On May 10, 2005, we executed a promissory for $1,760,274 at an interest rate of 1% plus the prime rate payable to ICM, Inc and granted a security interest in a steam turbine generator to ICM, Inc. as collateral for the loan. Under the terms of the promissory note, we agree to make quarterly installment payments of principal and interest with the balance due on July 1, 2008. The first quarterly payment under the note is due October 1, 2005. We also entered into a subordination agreement with Home Federal Savings Bank (“Home Federal”), our senior lender, in which Home Federal agrees ICM, Inc.’s security interest in the generator is senior to the security interest of Home Federal Savings Bank in the generator.
Raising Additional Capital
We issued units to ICM, Inc. and Fagen, Inc. in exchange for their combined capital contribution of $6,250,000. Pursuant to a Unit Purchase and Redemption Agreement executed with ICM, Inc. and Fagen, Inc., we have agreed to redeem all 6,250 units from ICM, Inc. and Fagen, Inc. using the proceeds from the sale of units in a registered offering or, to the extent the offering is unsuccessful, from cash flow generated by operations subject to certain loan covenants, restrictions and tax distributions.

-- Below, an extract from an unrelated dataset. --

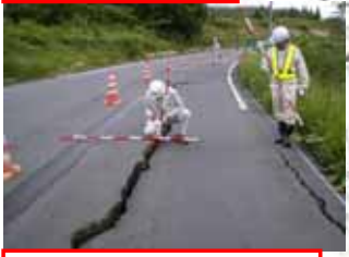
107号: ゆだ高原駅付近 片側交互 (路面沈下)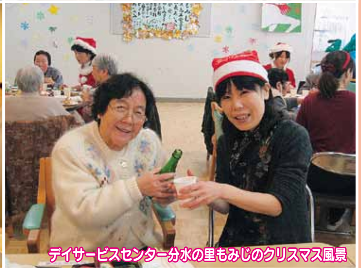
デイサービスセンター分水の里もみじのクリスマス風景

「もうひとつのわが家づくり」はまだまだ続きます。皆様には、これからも暖かいお力添えの程よろしくお願致します。

To raise the proceeds necessary to redeem the units in accordance with the terms of Unit Purchase and Redemption Agreement, we commenced a registered offering for additional membership units. Our registered offering became effective on April 20, 2005 and we began our efforts to sell the registered membership units shortly thereafter. Subsequent to the period covered by this report, on July 20, 2005 we closed our public offering. During the offering, we sold 9,091 units an aggregate price of $10,000,100. On August 1, 2005 we used the proceeds of the public offering to redeem 3,125 units each from ICM, Inc. and Fagen, Inc. at a total redemption price of $6,875,000 in accordance with the Unit Purchase and Redemption Agreement executed with ICM, Inc. and Fagen, Inc and retained the balance of the proceeds for working capital.

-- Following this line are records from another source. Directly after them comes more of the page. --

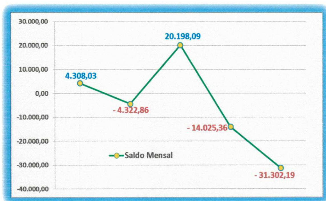
Gráfico 02 – Saldo absoluto médio mensal do RPPS do município de Serra Branca (2009/2013)

Fonte: Autor. Baseado nos dados do Tribunal de Contas do Estado da Paraíba, 2013.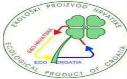
Slika 8. Znak ekološkog proizvoda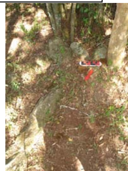
Vista de una estructura abierta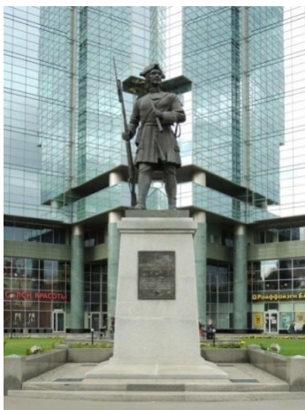
памятник гвардейцу Семёновского полка в Москве

Также гвардия играла важную роль в политике ряда стран. Например, в Древнем Риме преторианская гвардия неоднократно свергала и возводила на престол императоров, в России в эпоху дворцовых переворотов гвардия, и, в частности, лейб-компания, играла в большинстве из них ключевую роль.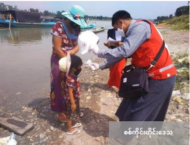
စစ်ကိုင်းတိုင်းဒေသ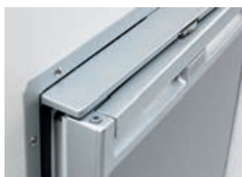
▲ N. 6 - Chiusura brevettata: posizione di "vent"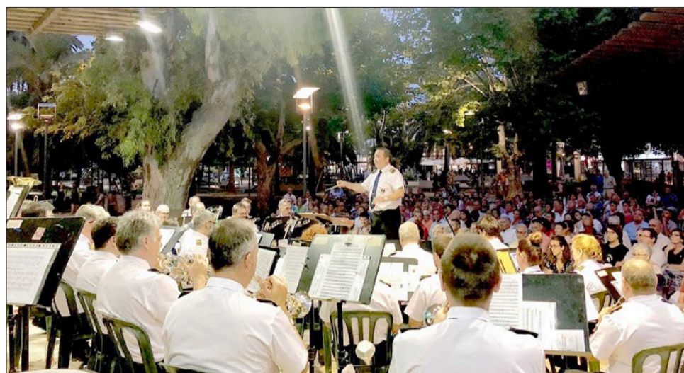
La Banda Municipal de Música ofrecerá hoy un nuevo concierto.

“Este martes vamos a tener otro concierto de la Banda Municipal en el parque de España, con un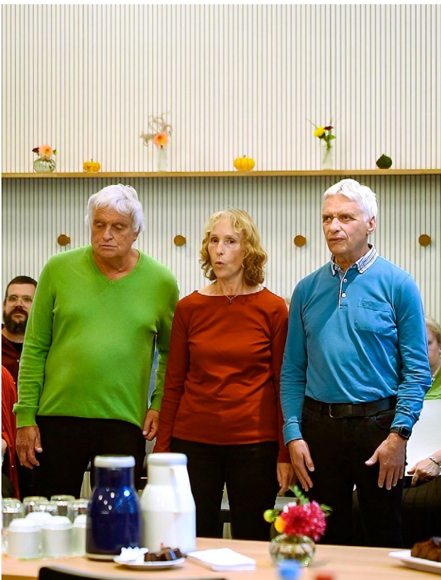
Hauptprobe der «Blindsingers»

In connection with the capital contribution by ICM, Inc. and Fagen, Inc., we amended our Operating Agreement to allow ICM, Inc. and Fagen, Inc. to appoint a total of three directors to our board of directors, subject to the termination of one of their director positions for every $2,000,000 dollars in redemption payments made to either or both of ICM, Inc. and Fagen, Inc. Two of our initial directors resigned from our board in January 2005, and ICM, Inc. and Fagen, Inc. appointed their three directors on February 1, 2005. As we previously reported in our Amended 8-K filed August 11, 2005, the terms of directors Brian Thome, Jerry Jones, and Dave Vander Griend expired on August 1, 2005 when we redeemed all 6,250 units from ICM, Inc. and Fagen, Inc, and they are no longer serving on the Company’s board of directors.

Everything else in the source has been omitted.